**Given data**
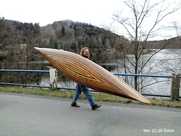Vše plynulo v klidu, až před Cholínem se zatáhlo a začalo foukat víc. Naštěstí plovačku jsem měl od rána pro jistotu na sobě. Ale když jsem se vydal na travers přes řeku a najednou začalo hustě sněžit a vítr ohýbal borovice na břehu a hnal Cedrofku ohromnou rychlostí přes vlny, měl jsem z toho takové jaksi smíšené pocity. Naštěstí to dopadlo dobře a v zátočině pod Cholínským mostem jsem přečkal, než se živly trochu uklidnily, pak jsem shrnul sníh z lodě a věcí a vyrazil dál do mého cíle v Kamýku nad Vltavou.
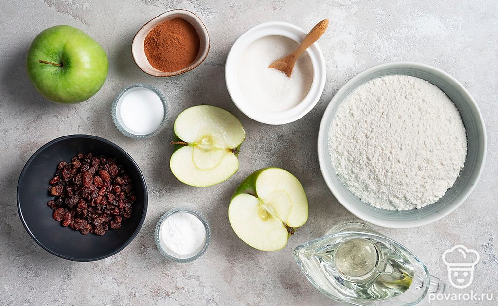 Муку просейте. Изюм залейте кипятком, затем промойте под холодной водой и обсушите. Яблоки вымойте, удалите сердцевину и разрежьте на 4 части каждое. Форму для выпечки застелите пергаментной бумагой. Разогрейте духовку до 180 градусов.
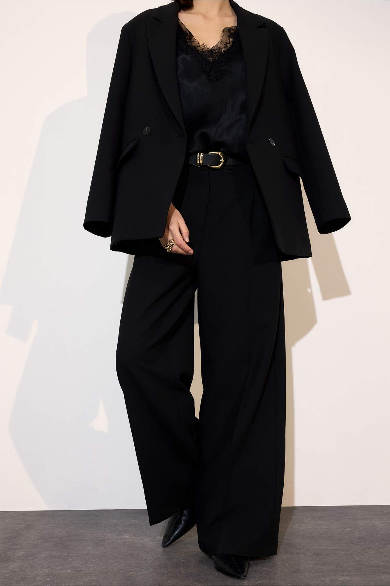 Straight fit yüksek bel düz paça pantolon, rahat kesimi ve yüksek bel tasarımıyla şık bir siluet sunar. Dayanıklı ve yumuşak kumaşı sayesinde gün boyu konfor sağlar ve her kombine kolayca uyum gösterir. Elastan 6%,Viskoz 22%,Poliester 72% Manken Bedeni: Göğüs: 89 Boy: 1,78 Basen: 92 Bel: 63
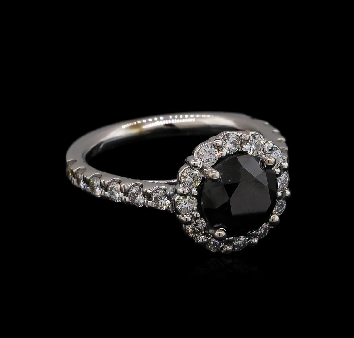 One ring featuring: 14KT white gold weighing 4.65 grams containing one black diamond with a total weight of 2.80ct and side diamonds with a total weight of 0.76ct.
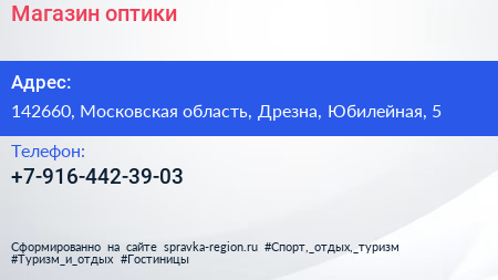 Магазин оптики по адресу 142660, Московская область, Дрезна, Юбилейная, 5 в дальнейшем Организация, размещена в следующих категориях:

**Assignment**
Repeat exactly the lines in the entries from the one containing "Муку просейте. Изюм" to the final line, inclusive, and nothing beyond them; skip pictures.

**Answer section**
 Муку просейте. Изюм залейте кипятком, затем промойте под холодной водой и обсушите. Яблоки вымойте, удалите сердцевину и разрежьте на 4 части каждое. Форму для выпечки застелите пергаментной бумагой. Разогрейте духовку до 180 градусов.
 Straight fit yüksek bel düz paça pantolon, rahat kesimi ve yüksek bel tasarımıyla şık bir siluet sunar. Dayanıklı ve yumuşak kumaşı sayesinde gün boyu konfor sağlar ve her kombine kolayca uyum gösterir. Elastan 6%,Viskoz 22%,Poliester 72% Manken Bedeni: Göğüs: 89 Boy: 1,78 Basen: 92 Bel: 63
 One ring featuring: 14KT white gold weighing 4.65 grams containing one black diamond with a total weight of 2.80ct and side diamonds with a total weight of 0.76ct.
 Магазин оптики по адресу 142660, Московская область, Дрезна, Юбилейная, 5 в дальнейшем Организация, размещена в следующих категориях:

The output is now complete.